Task to complete:
Retype only what runs from the line with "The London Chronicle" through the end of the entries, exactly and in full, but omit any picture you find.

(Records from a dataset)

-- Opening Marker --

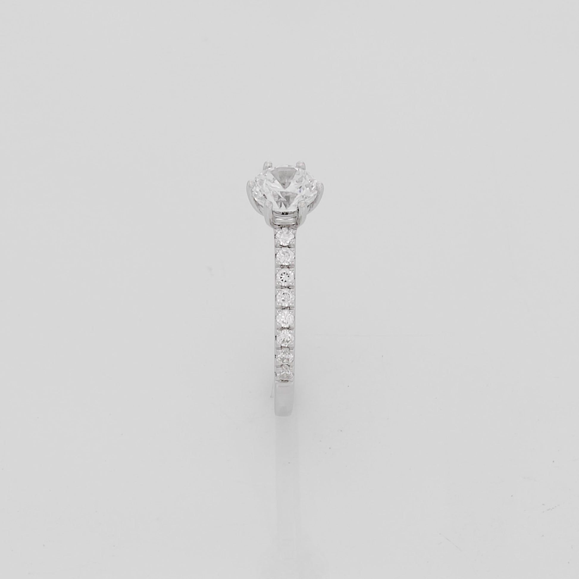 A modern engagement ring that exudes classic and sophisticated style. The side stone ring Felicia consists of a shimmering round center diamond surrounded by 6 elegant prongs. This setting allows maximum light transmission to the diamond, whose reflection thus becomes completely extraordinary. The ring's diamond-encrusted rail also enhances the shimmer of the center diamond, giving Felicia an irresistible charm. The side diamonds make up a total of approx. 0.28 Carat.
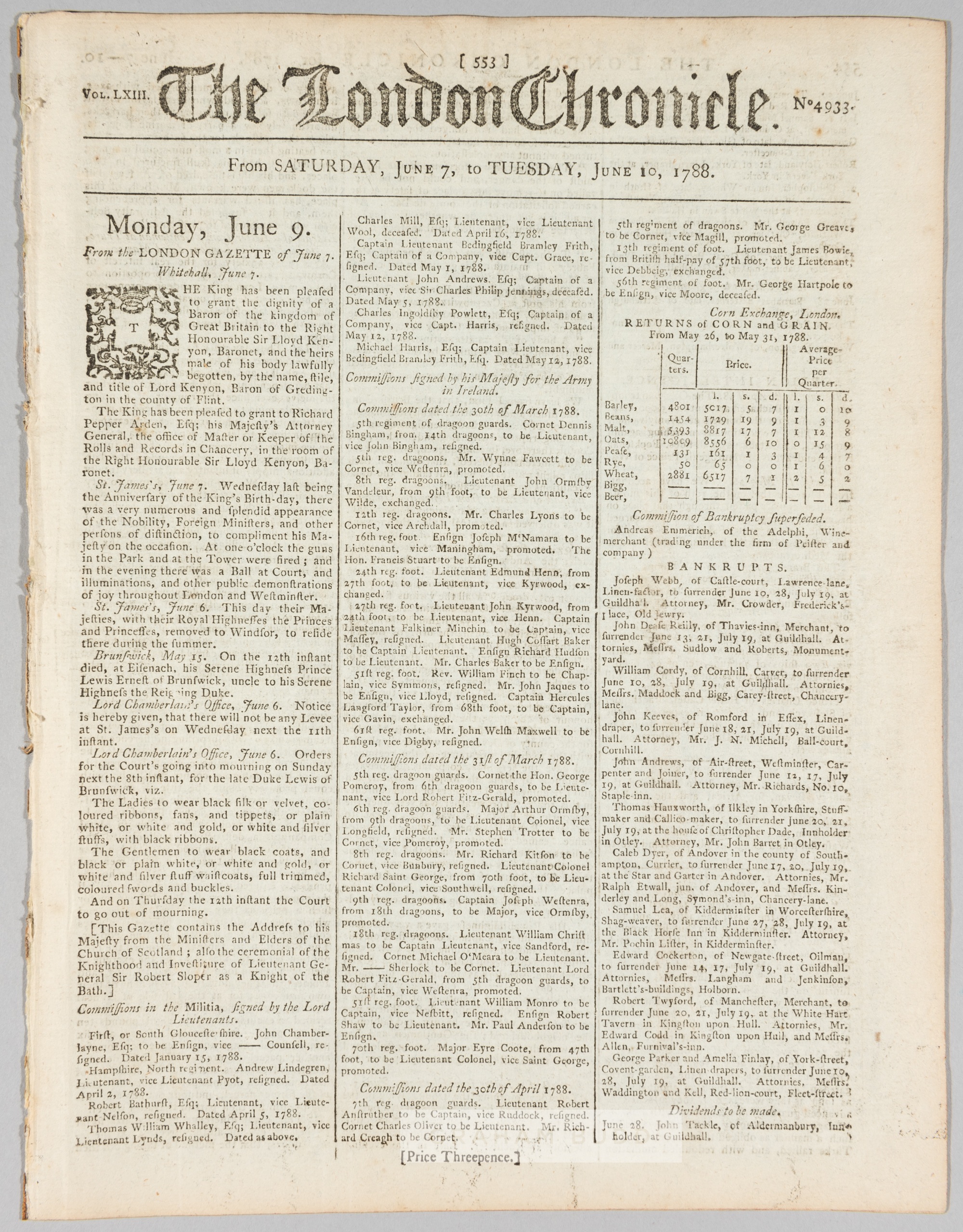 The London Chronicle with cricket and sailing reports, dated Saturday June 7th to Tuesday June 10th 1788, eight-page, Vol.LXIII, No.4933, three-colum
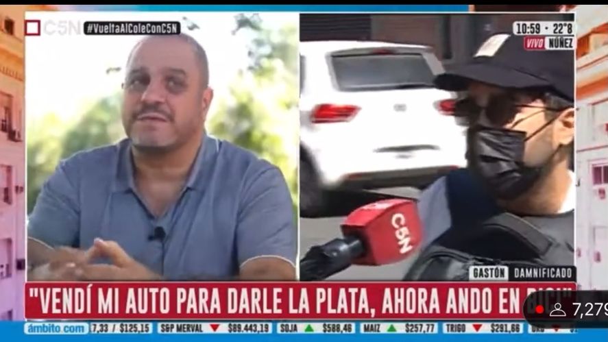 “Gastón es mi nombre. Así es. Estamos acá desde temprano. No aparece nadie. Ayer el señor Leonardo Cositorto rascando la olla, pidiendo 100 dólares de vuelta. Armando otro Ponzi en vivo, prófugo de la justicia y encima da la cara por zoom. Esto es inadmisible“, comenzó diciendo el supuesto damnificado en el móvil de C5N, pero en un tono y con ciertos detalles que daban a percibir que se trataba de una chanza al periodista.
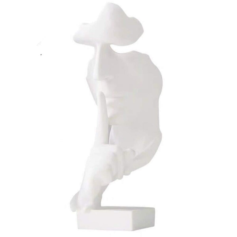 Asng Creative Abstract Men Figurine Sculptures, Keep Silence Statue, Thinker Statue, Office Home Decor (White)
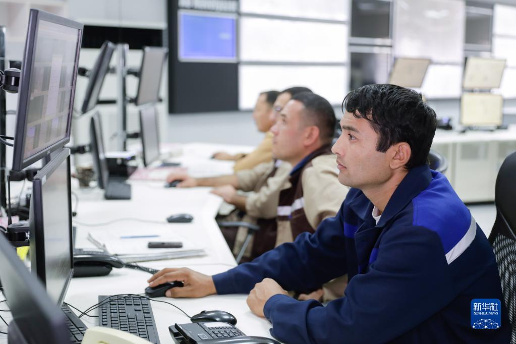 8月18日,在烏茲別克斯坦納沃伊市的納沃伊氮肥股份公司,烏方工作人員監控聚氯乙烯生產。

-- Closing Marker --

Completed task:
 The London Chronicle with cricket and sailing reports, dated Saturday June 7th to Tuesday June 10th 1788, eight-page, Vol.LXIII, No.4933, three-colum
 “Gastón es mi nombre. Así es. Estamos acá desde temprano. No aparece nadie. Ayer el señor Leonardo Cositorto rascando la olla, pidiendo 100 dólares de vuelta. Armando otro Ponzi en vivo, prófugo de la justicia y encima da la cara por zoom. Esto es inadmisible“, comenzó diciendo el supuesto damnificado en el móvil de C5N, pero en un tono y con ciertos detalles que daban a percibir que se trataba de una chanza al periodista.
 Asng Creative Abstract Men Figurine Sculptures, Keep Silence Statue, Thinker Statue, Office Home Decor (White)
 8月18日,在烏茲別克斯坦納沃伊市的納沃伊氮肥股份公司,烏方工作人員監控聚氯乙烯生產。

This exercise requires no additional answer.